In early 2018 i've uploaded here an equivalent 70-page booklet containing a lengthy annotated bibliography on Chan / Zen / Seon / Thien Buddhism , as an adjunct to my forthcoming encyclopedic tome on this same multi-faceted subject, the Liberating Zen Sourcebook (hopefully available as a digital book in late 2018).

For more information on Hinduism and Buddhism, you may read the first few sections of an old paper I drafted in 1980 on Philosophy & Psychology, East & West --specifically, the opening sections featuring the Hindu Vedanta and Samkhya-Yoga systems, and aspects of Buddhism. You can also get a more recent and fairly brief but detailed overview of the ancient origins of the nondual Hindu Vedanta tradition in the first part of a paper also posted at our Nondual Spirituality section, but which I'll link here, too: Nondual Awakening, Its Source and Applications. I would like to upload many more essays on the lives and teachings of saints and sages from Buddhism and Hinduism and other traditions of India. But because of the considerable time it takes to upload these items to the web with HTML coding, formatting, etc., the vast treasure of materials I've created on these Hindu, Buddhist, Jaina, Tantric, Sant and Sikh sages and saints is primarily being channeled into our upcoming twin book-volumes, India's Sages and India's Sages Source Book, available in the future; see the announcement and more details at the section for our Wake Up Press.

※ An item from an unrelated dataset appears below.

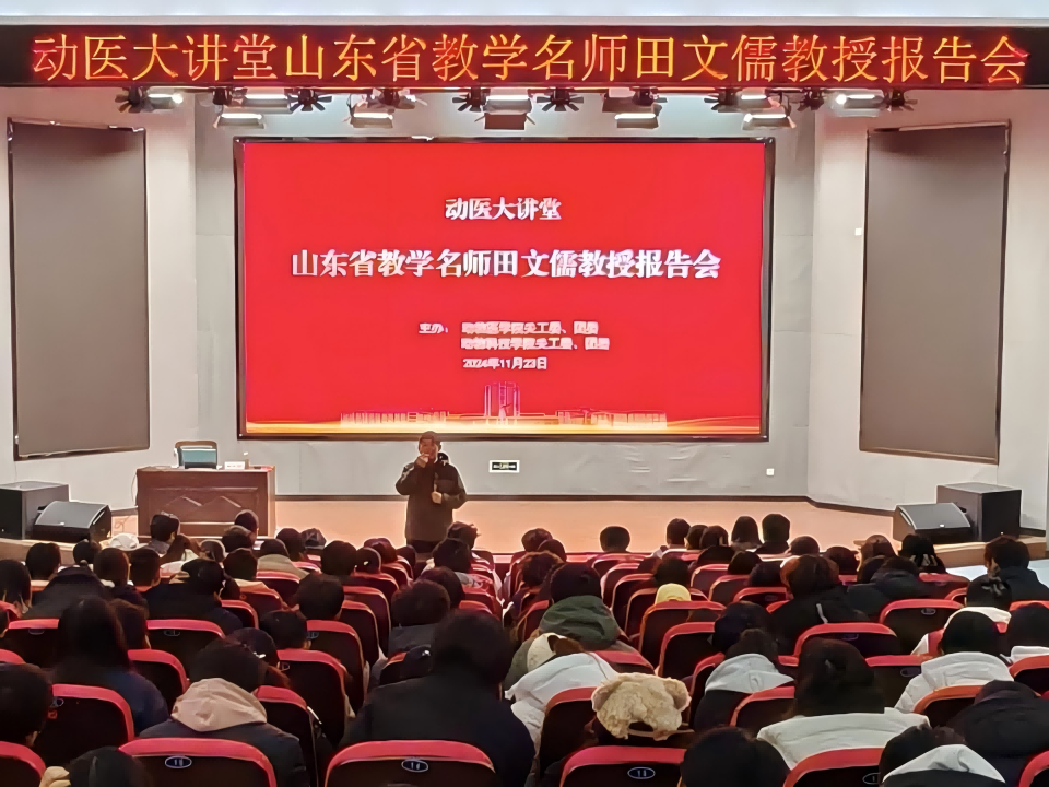 11月23日,伟德victor1946动医大讲堂邀请山东省教学名师田文儒教授为伟德victor1946、动物科技公司2024级全体员工作《老员工活之见》主题报告。本场报告由伟德victor1946和动物科技公司关心下一代工作委员会、院团委主办,伟德victor1946党委书记丁国庆主持。伟德victor1946辅导员王宁、闫书铭,动物科技公司辅导员赵竟梅,伟德victor1946、动科技公司2024级全体员工参加报告会。报告会在平度校区博学楼报告厅举办。
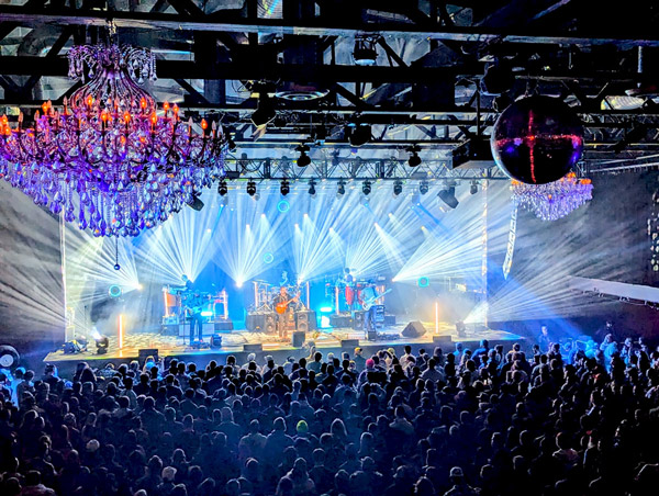 Up next was one of the more familiar opening rifts from UM, 2009’s 1348. Another classic blend of high-octane rock with Zwang groove and another stellar example of UM evaluation creating space for the even pull of each band member jamming full sail in synchronized direction. So close to Valentine’s Day, UM entered an ethereal romantic rendition of Neil Young’s Harvest Moon, complete with a pink light wash, lit candles on the venue’s multiple chandeliers, and a slow starry spin from the many disco balls in play. Scotty did an excellent job building tension juxtaposed by Brendan’s vocals. Joel then breaks through the dreamlike sway with his opening in 2013’s Slacker. The stop start momentum of this song is also highlighted by a breakdown slapped by Stasik.

Here is some material on our most ancient form of religion, Shamanism and the heavily endangered indigenous tribal people of our world. Much of this essay is an "engaged spirituality" lament over the extinction of these long-standing societies (most of them thousands of years old).

In addition to the various items on religion and spirituality that are being uploaded to this site, in the future we will also have available here some more excerpts beyond what is already included on this page from a final work in Timothy Conway's trilogy to be published at a later date, Our Religions' Future: Truths, Trends & Challenges for Old and New Spiritualities, part of the Spirituality in the New Millennium series.

And while we're mentioning books on religion, spirituality, mysticism, etc., I would in general strongly recommend the works of Professor Huston Smith, the late Prof. Ninian Smart, and the several works of a modern mystic, Swami Abhayananda (Stan Trout), such as his fine overview (with detailed chapters on numerous renowned mystics), History of Mysticism.